The significance level \(\alpha\) describes the area of the probability distribution that is
considered as extreme and, therefore, located at the tails of the
distribution.
In hypothesis testing, we cannot prove that a hypothesis is true. Instead, we
can only reject or fail to reject it. (Falsification principle)
I.e., instead proving that the sample is lower than the limit, we can only check if the sample is equal or higher than the limit.
If we can reject the hypothesis that the sample is equal or higher than the limit, we can
conclude that the sample is lower than the limit. But we cannot
prove it.
For the hypotheses we consider the following scheme null hypothesis h0 and
alternative hypothesis h1:
h0: A == B ; h1: A != B
h0: A >= B ; h1: A < B
h0: A <= B ; h1: A > B
Where A and B are the values to be compared, the symbols == and !=
denote
equality and inequality, and the symbols <=, >=, <,
and
> denote the direction of the inequality.

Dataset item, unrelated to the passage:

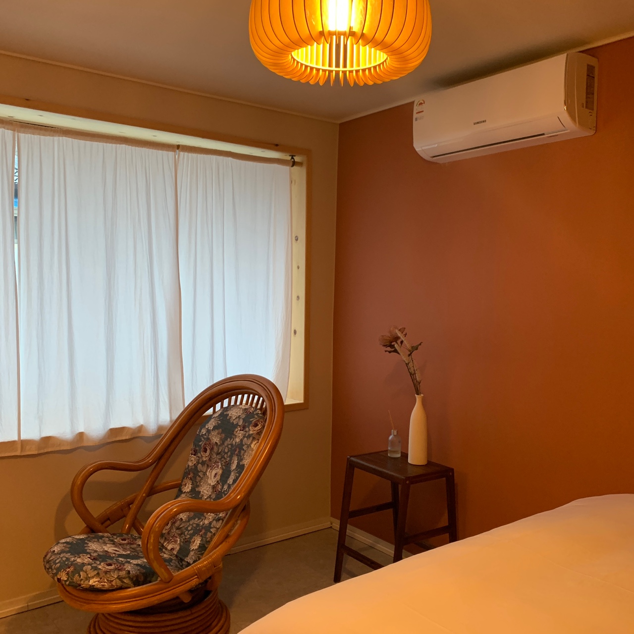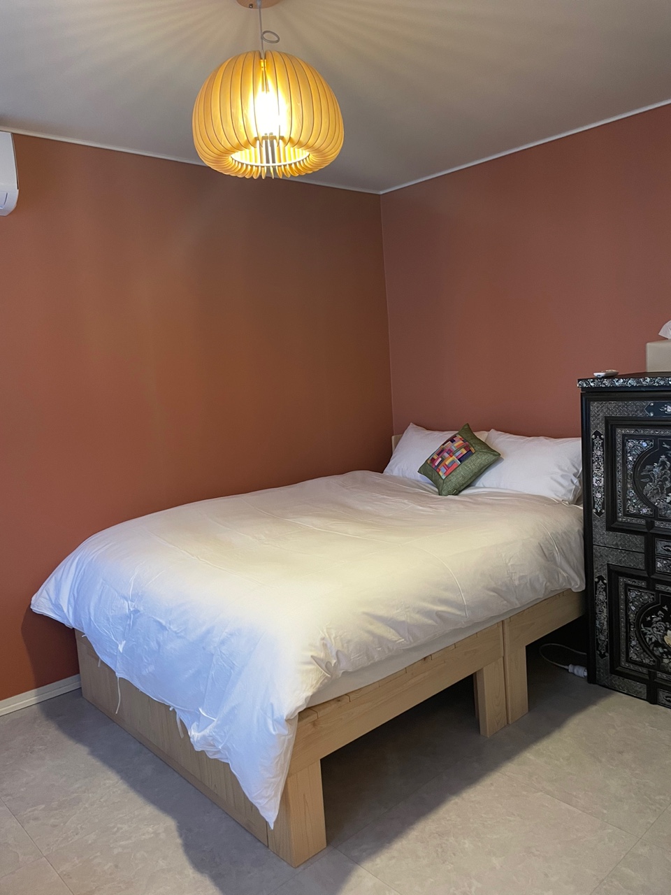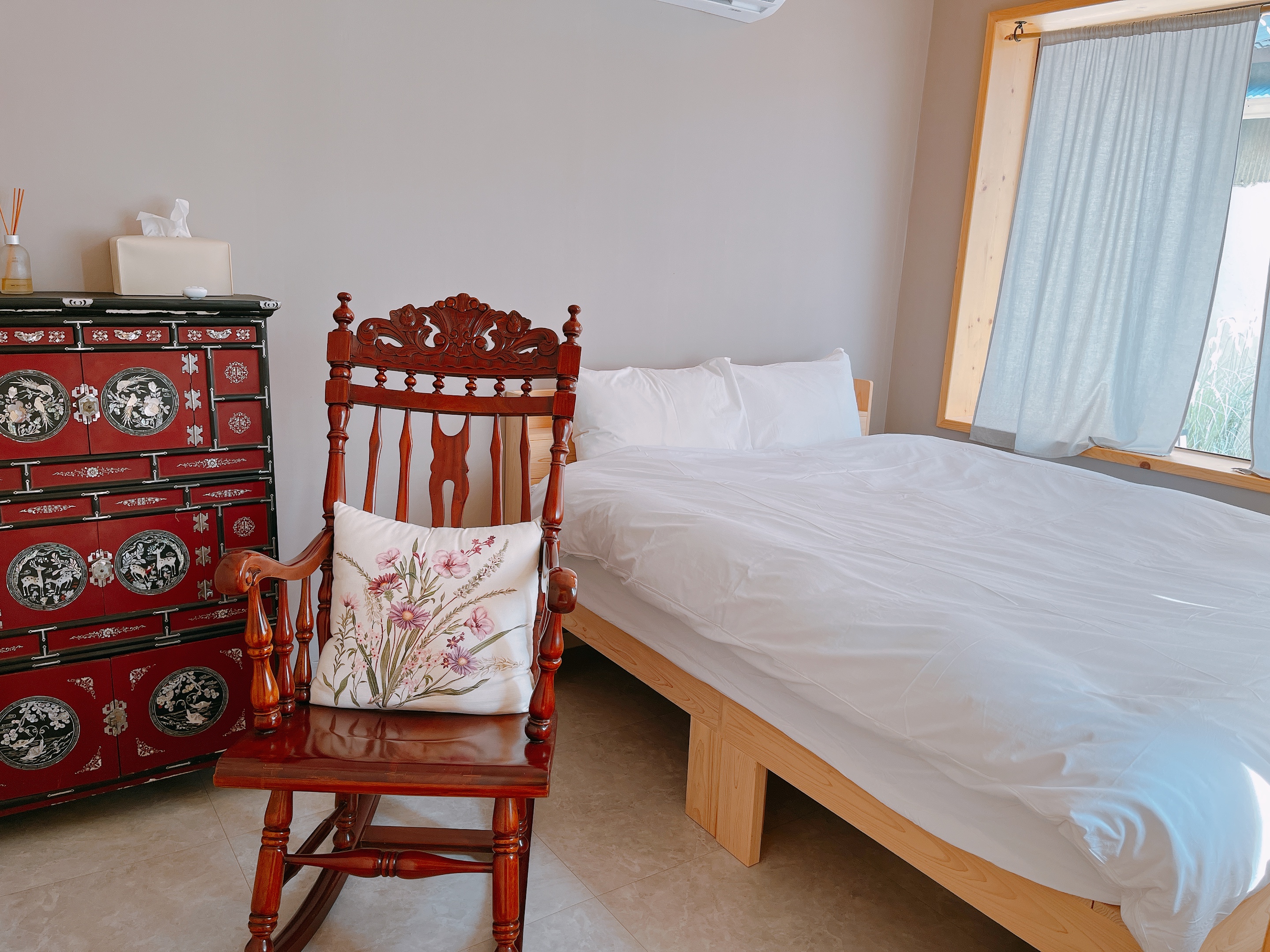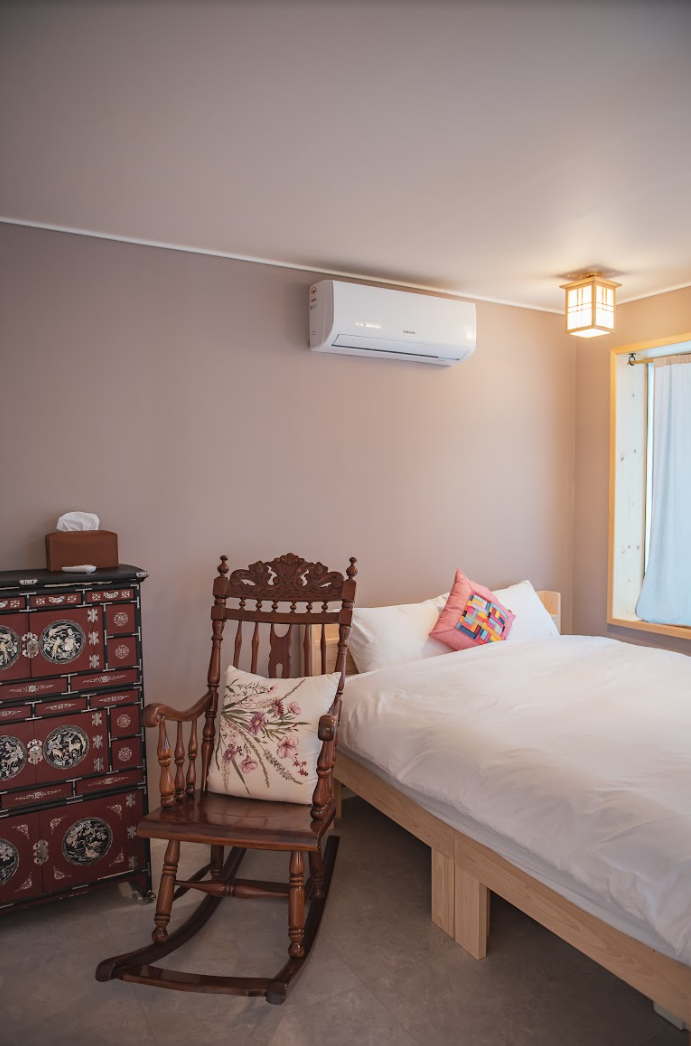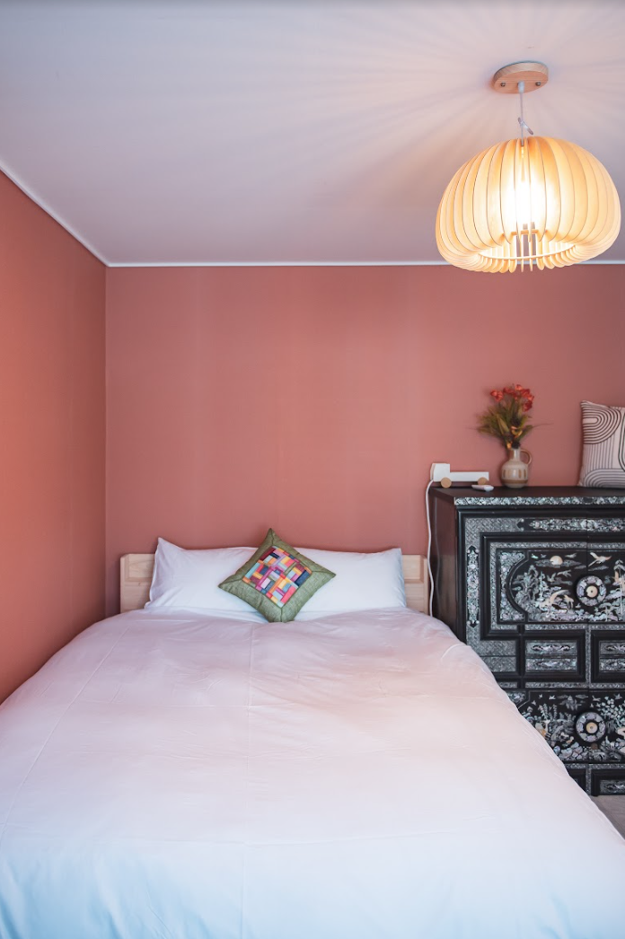 잠시 과거로 넘어간 듯한 착각을 일으키는 옛날 느낌의 유유가 침실 가구와 기분 좋은 향은 공간을 더욱 힙하게 만들어 줍니다.

So, which hypotheses h0 and h1 do we need to check if the sample
should be lower
than the limit?
We will use the one-sided one-sample t-Test to check if the sample is lower
than the limit.
We can calculate the t-Value as follows:
\[
t = \frac{\bar{x} - \mu}{\frac{s}{\sqrt{n}}}
\]
Where \(\bar{x}\) is the sample mean, \(\mu\) is the limit value, \(s\) is the sample
standard deviation, and \(n\) is the sample size.
For this test, we need the following information:
sampleMean = {0.09, 'mg/L'}
sampleStd = {0.01, 'mg/L'}
sampleSize = 10
limitValue = {0.1, 'mg/L'}
In this test, we asume that the sample mean is equal to the limit value. So the difference should be zero. If this is true, the t-Value should follow a t-Distribution with \(n-1\) degrees of freedom.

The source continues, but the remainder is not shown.